The names provided MUST be one of the following:
- Highest-level, regular packages
- Top-level modules
- The submodules and regular packages within implicit namespace packages
provided by the project. This makes the vast majority of projects only needing a single Import-Name
entry which represents the top-level, regular package the project provides. But it also allows for implicit namespace packages to be able to differentiate among themselves (e.g., it avoids having all projects contributing to the azure
namespace via an implicit namespace package all having azure
as their entry for Import-Name
but instead a more accurate entry like azure.mgmt.search
)
The names provided in Import-Name
MUST NOT be filtered based on what is considered private to the project, i.e. it must be exhaustive for names that an import
statement would succeed in using. This is because even “private” names can be imported by anyone and can “take up space” in the namespace of the environment.
Build back-ends SHOULD set Import-Name
on behalf of users when they can infer the import names a project would provide.
Examples
In httpx 0.28.1 there would be only a single entry for the httpx
package as it’s a regular package and there are no other regular packages or modules at the top of the project.
In pytest 8.3.5 there would be 3 entries:
_pytest
(a top-level, regular package)py
(top-level module)pytest
(a top-level, regular package)
In azure-mgmt-search 9.1.0, there would be a single entry for azure.mgmt.search
as azure
and azure.mgmt
are implicit namespace packages.
Backwards Compatibility
As this is a new field for the core metadata and a new core metadata version, there should be no backwards compatibility concerns.
Security Implications
The information provided by build back-ends may not be accurate (either accidentally or on purpose), and so tools should NOT make security-related decisions based on the information provided in an Import-Name
entry.
How to Teach This
Project authors should be taught that build back-ends can now record what namespaces their project provides. They should be told that if their project has a non-obvious namespace from the file structure of the project that they should specify the appropriate information manually. They should have it explained to them that they should use the shortest name possible that appropriately explains what the project provides (i.e. what the specification requires to be recorded).

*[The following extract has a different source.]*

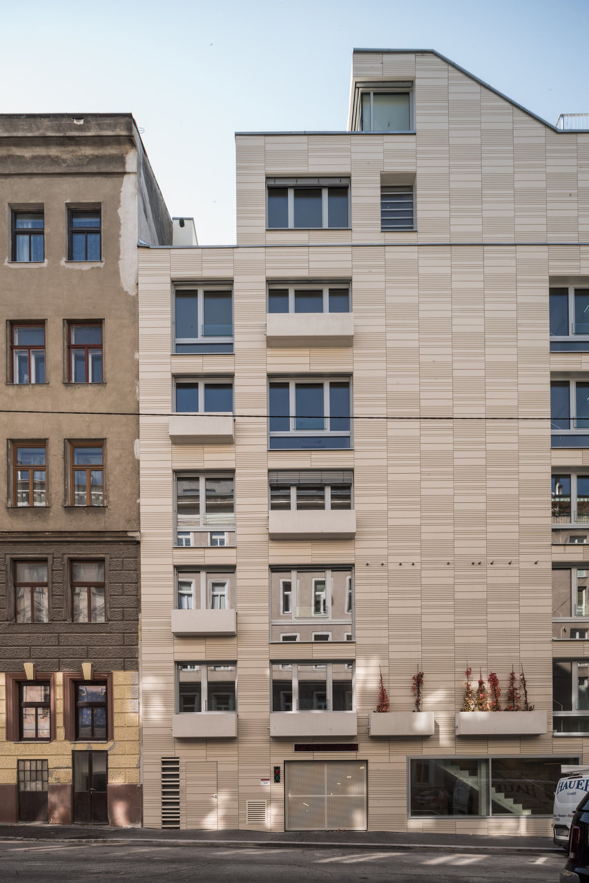 Der „Wolfshof“, so wurde es getauft, gibt sich schon aus der Ferne zu erkennen. Unterschiedlich weit ausgezogenen Schubladen gleich, strecken sich Balkone aus Betonfertigteilen mit integrierten Pflanztrögen oder Pflanztröge allein mehr oder weniger tief in die Luft über dem öffentlichen Gut der Wolfganggasse, als würden sie nach den Baumkronen greifen wollen. Im Erdgeschoß öffnen sich die Büros raumhoch verglast zur Straße und erhalten Sichtschutz durch einen langen Pflanztrog. Die Fassade wurde nicht in ein Wärmedämmverbundsystem gepackt, erstens weil man mit möglichst natürlichen Materialien arbeiten wollte, und zweitens weil der zwölfte Bezirk ein Ziegelbezirk ist, wovon zum Beispiel noch die nahe Remise der Badner Bahn, mit der einst die Ziegelöfen im Süden Wiens mit dem Zentrum verbunden wurden, Zeugnis ablegt. Daher griff man zu einer Dämmung aus Mineralwolle und einer Hülle aus Tonziegelpaneelen. In einem ähnlichen Farbton wie die Balkone gehalten und einem Verlegemuster aus gerillten und glatten Elementen entsteht ein schönes Hell-dunkel-Spiel, das durchaus Verwandtschaften zu historischen Wiener Fassaden aufweist. Denn auchdie waren stets überwiegend monochrom und in diversen hellen, steinfarbenen Tönen verputzt ausgeführt, womit sich auch bei vonHaus zu Haus unterschiedlichen Dekoren und Stilen ein einheitliches harmonisches Stadtbild erzeugen lässt. Es bleibt ein Rätsel, warum in Wien außerhalb der Schutzzonen dem bunten Patchwork, das so viel visuelle Unruhe verursacht, nicht beizukommen ist. Die Gerners haben jedenfalls verstanden, worauf es ankommt.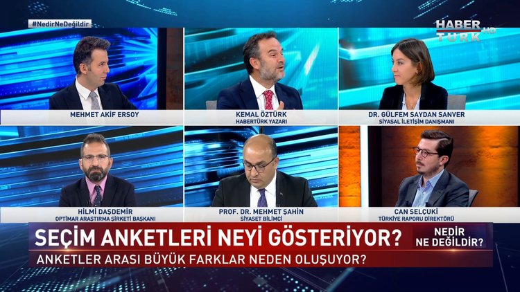 Nedir Ne Değildir’de Mehmet Akif Ersoy soruyor… konukları; Habertürk Yazarı Kemal Öztürk, Siyasal İletişim Danışmanı Dr. Gülfem Saydan Sanver, Optimar Araştırma Şirketi Başkanı Hilmi Daşdemir, Siyaset Bilimci Prof. Dr. Mehmet Şahin ve Türkiye Raporu Direktörü Can Selçuki yanıtladı.

Users of projects don’t necessarily need to know about this new metadata. While they may be exposed to it via tooling, the details of where that data came from isn’t critical. It’s possible they may come across it if PyPI exposed it (e.g., listed the values from Import-Name
and marked whether the file structure backed up the claims the metadata makes), but that still wouldn’t require users to know the technical details of this PEP. Users may need to learn that if their package leads to all the submodules being listed that they may have wanted a regular package instead.
Reference Implementation
XXX
Rejected Ideas
Re-purpose the Provides
field
Introduced in metadata version 1.1 and deprecated in 1.2, the Provides
field was meant to provide similar information, except for all names provided by a project instead of the distinguishing namespaces as this PEP proposes. Based on that difference and the fact that Provides
is deprecated and thus could be ignored by preexisting code, the decision was made to go with a new field.
Name the field Namespace
While the term “namespace” name is technically accurate from an import perspective, it could be confused with implicit namespace packages.
Open Issues
N/A
Acknowledgments
Thanks to Josh Cannon (no relation) for reviewing drafts of this PEP and providing feedback. Also thanks to everyone who participated in a previous discussion on this topic.
Copyright
This document is placed in the public domain or under the CC0-1.0-Universal license, whichever is more permissive.